Porque um dos grandes problemas da cadeia produtiva no livro no NE é a
questão da distribuição?
 
Não concordo com a frase. O grande problema está na fragilidade desta cadeia no
Nordeste diante da concentração de mando e de comando do eixo Rio/ São Paulo e
dos problemas sócio-econômico-culturais da população nordestina. O problema da
distribuição é um problema nacional. Inexiste no país qualquer tipo de política de
distribuição do livro no país. Me parece ser um problema que extrapola o mercado
livreiro, haja visto o problema de escoamento de qualquer outro produto.
 
A pesquisa Retratos da Leitura no Brasil coloca que 25% da população leitora do país
esta no Nordeste, dado que preocupa ainda mais a falta de política voltada para a
produção local
 
Como fazer os distribuidores passarem a distribuir autores locais nordestinos?

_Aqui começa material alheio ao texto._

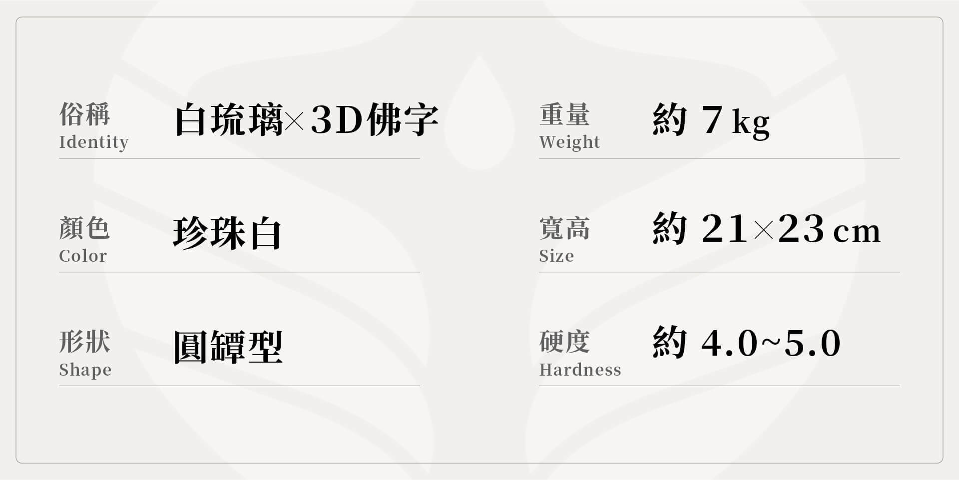 形狀:圓罈型/重量:約7kg/寬高:21x21x23 cm/硬度:約4.0~4.5/加工地:台灣

Esta é uma questão puramente de demanda econômica e de falta de uma rede de
livrarias na região. Na falta de leitores a cadeia como um todo perece. Mas pontuemos
algumas ações paliativas: campanhas publicitárias etc
 
Para finalizar, é bom ressaltar que não existe outra cadeia capaz de produzir e
comercializar tanto produto novo e, ao mesmo tempo, tão frágil por estar
intrinsecamente ligada às mudanças de humor político, econômico e cultural das
políticas públicas de um país.  Somos sabedores que o país vive hoje um acúmulo de
crises, quando a maior delas encontra-se no setor social, no emprego, na segurança,
na saúde e na educação, por isso é grande a necessidade de se ler e de se
compreender um texto escrito devido à urgência de mudança no olhar com que
compreendemos nosso país e sua posição no mundo. Sabe-se que o poder de uma
sociedade é dado pela capacidade comunicativa, pelo capital cultural e pelo capital de
informação de seus cidadãos. Por isso entende-se que livro é direito.
 
Mas o LIVRO, enquanto produto, é visto sob vários olhares, aumentando, assim, o
desafio para definição e entendimento sobre a sua cadeia produtiva e comercial. O livro
é mercadoria, de editores, distribuidores e livreiros, mas também é instrumento
universal de educação e cultura.
 
Sob estes vários olhares, o LIVRO e o seu MERCADO geram um descompasso na sua
base econômica devido à imensa oferta global e a limitadíssima capacidade de
absorção do consumidor individual. Este descompasso pode ser atribuído a duas
outras situações contraditórias, o livro é um bem muito barato de se produzir em
comparação ao custo de produção de um leitor e por isso, pode-se pensar, os motivos
da proliferação de editoras em relação ao baixo número de leitores e ao baixo número
de livrarias.
 
Precisamos entender todos os componentes deste elo, por isso iniciativas como estas
são merecedoras de nossos aplausos, parabéns aos organizadores, parabéns a
Tarciana Portella e ao Sérgio Rivero pela provocação.